* _Given material_:

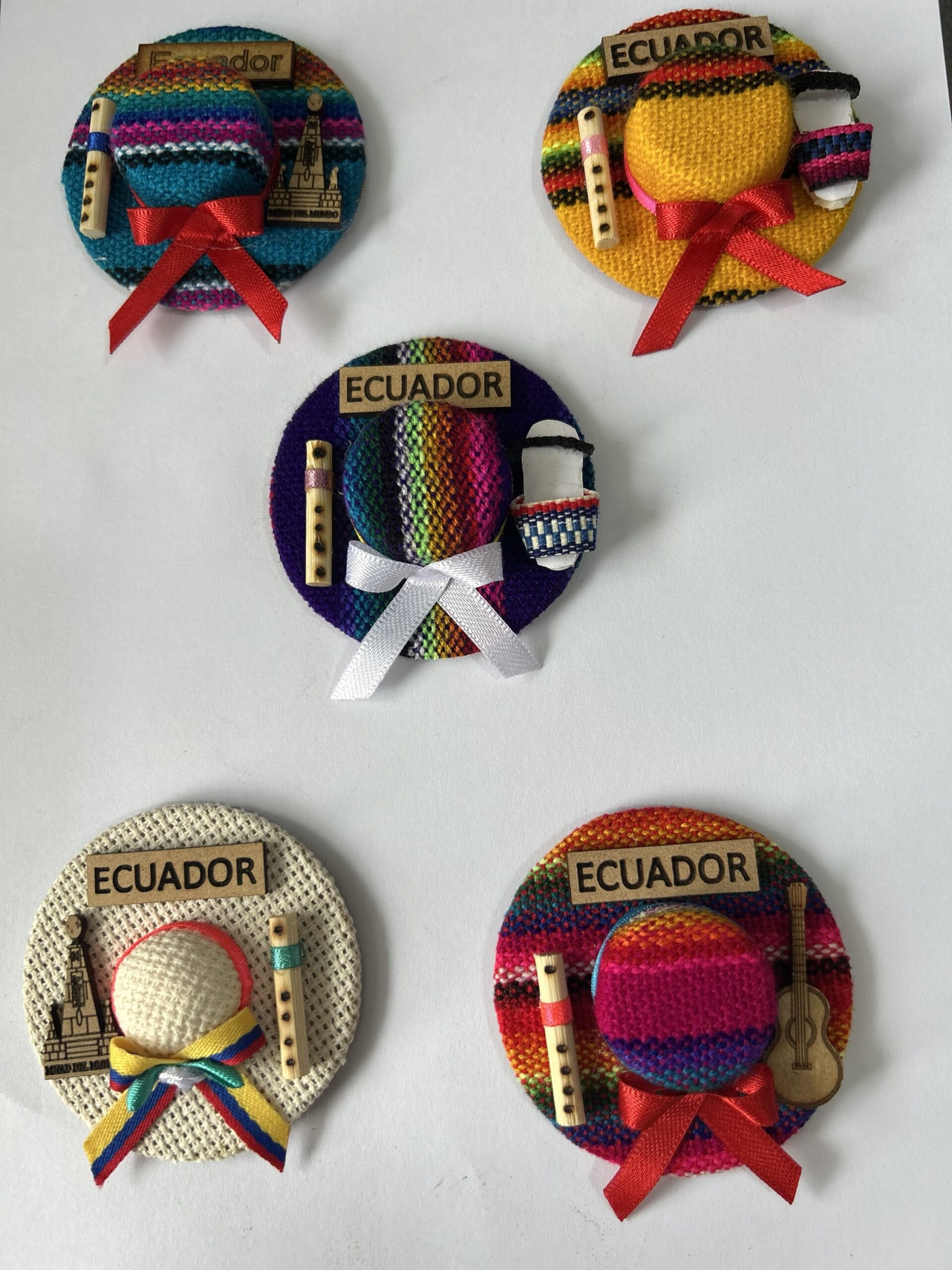 Magnetos de sombrero, elaborado en tela manta y con alegoría de Ecuador.
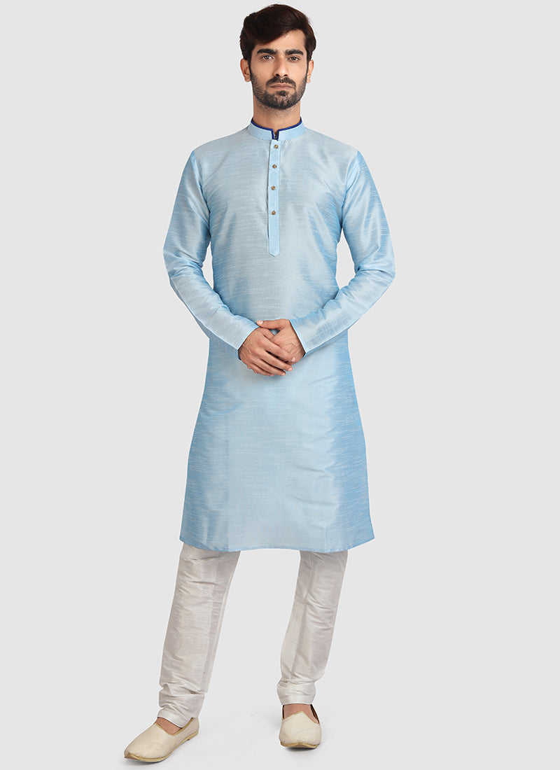 Sky Blue Art Silk Party Wear Thread Work Readymade Mens Kurta Pajama
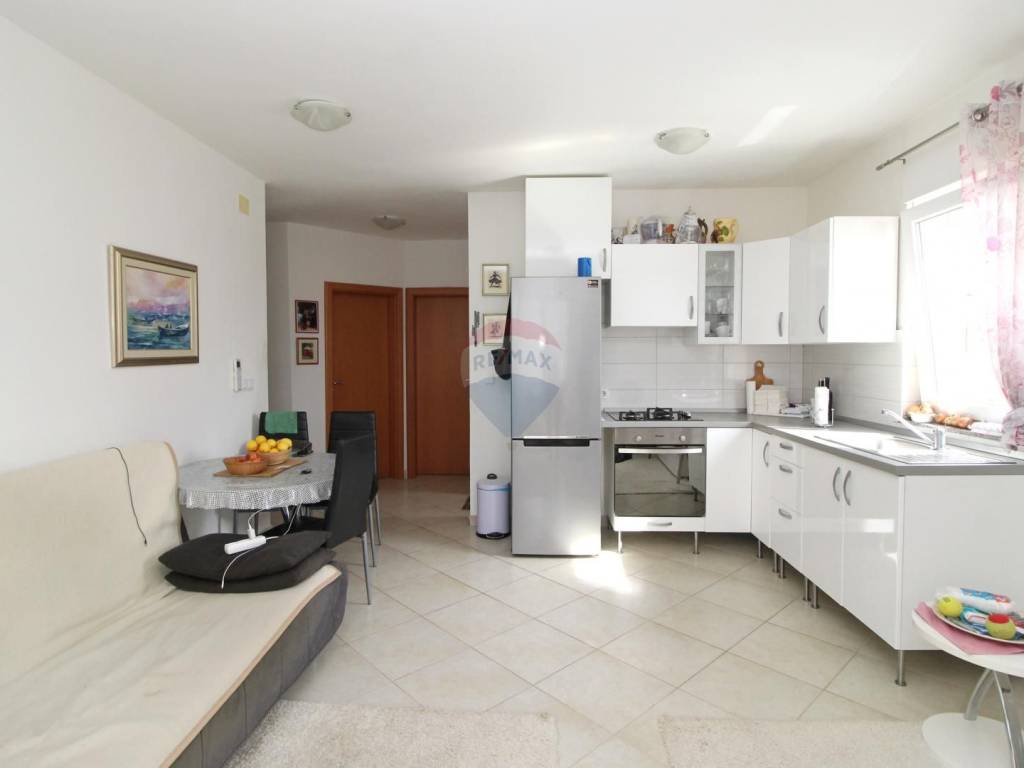 RE/MAX Centar Nekretnina presents a beautifully arranged two-bedroom apartment with a terrace in an excellent location in Fažana, just 200 meters from the beach. The apartment has a surface area of 55.71 m² and is located on the ground floor of a newer residential building. It consists of two bedrooms, a living room with a dining area and kitchen, a bathroom, and a lovely terrace. The property includes a private parking space and a storage room. The beach is only 200 meters away. All amenities are within a few minutes' walking distance. The apartment is situated in a quiet street. A perfect home for comfortable living or a great investment for tourist rental.
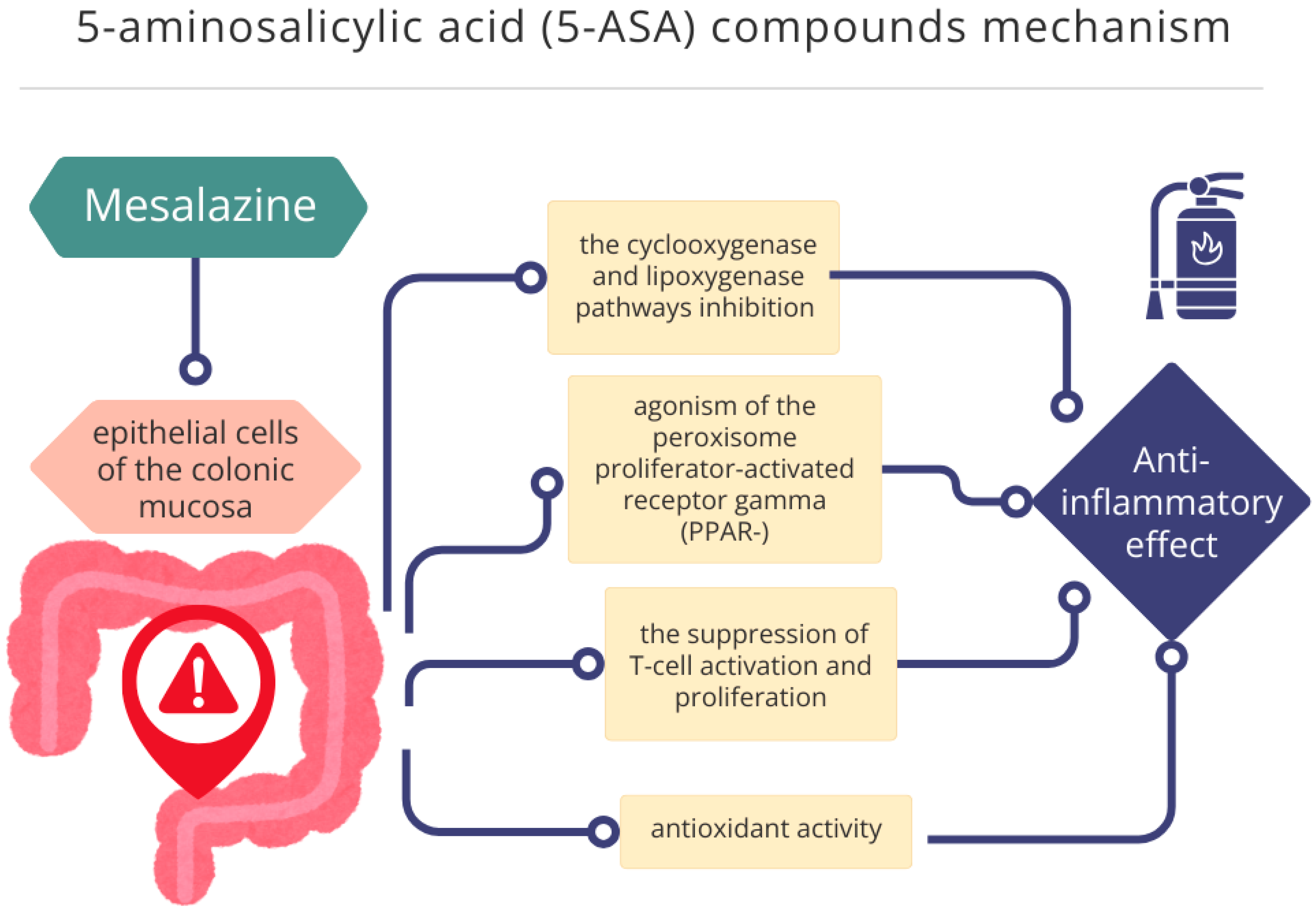 | Mesalazine; Mesalamine | mild to moderate UC | oral and rectal | active moiety of sulphasalazine | kidneys (urine) and liver (bile) | headache, abdominal pain, nausea, diarrhoea, rash inflammatory reactions, pancreatitis, cardiotoxicity, hepatotoxicity, musculoskeletal complaints, respiratory symptoms, nephropathies and sexual dysfunction [16,23,24] | |

* _Problem details_: An exact transcription is needed of the lines from the one with "Sky Blue Art" to the one with "RE/MAX Centar Nekretnina" above, both ends included, with pictures left out.

* _Response to this task_:
 Sky Blue Art Silk Party Wear Thread Work Readymade Mens Kurta Pajama
 RE/MAX Centar Nekretnina presents a beautifully arranged two-bedroom apartment with a terrace in an excellent location in Fažana, just 200 meters from the beach. The apartment has a surface area of 55.71 m² and is located on the ground floor of a newer residential building. It consists of two bedrooms, a living room with a dining area and kitchen, a bathroom, and a lovely terrace. The property includes a private parking space and a storage room. The beach is only 200 meters away. All amenities are within a few minutes' walking distance. The apartment is situated in a quiet street. A perfect home for comfortable living or a great investment for tourist rental.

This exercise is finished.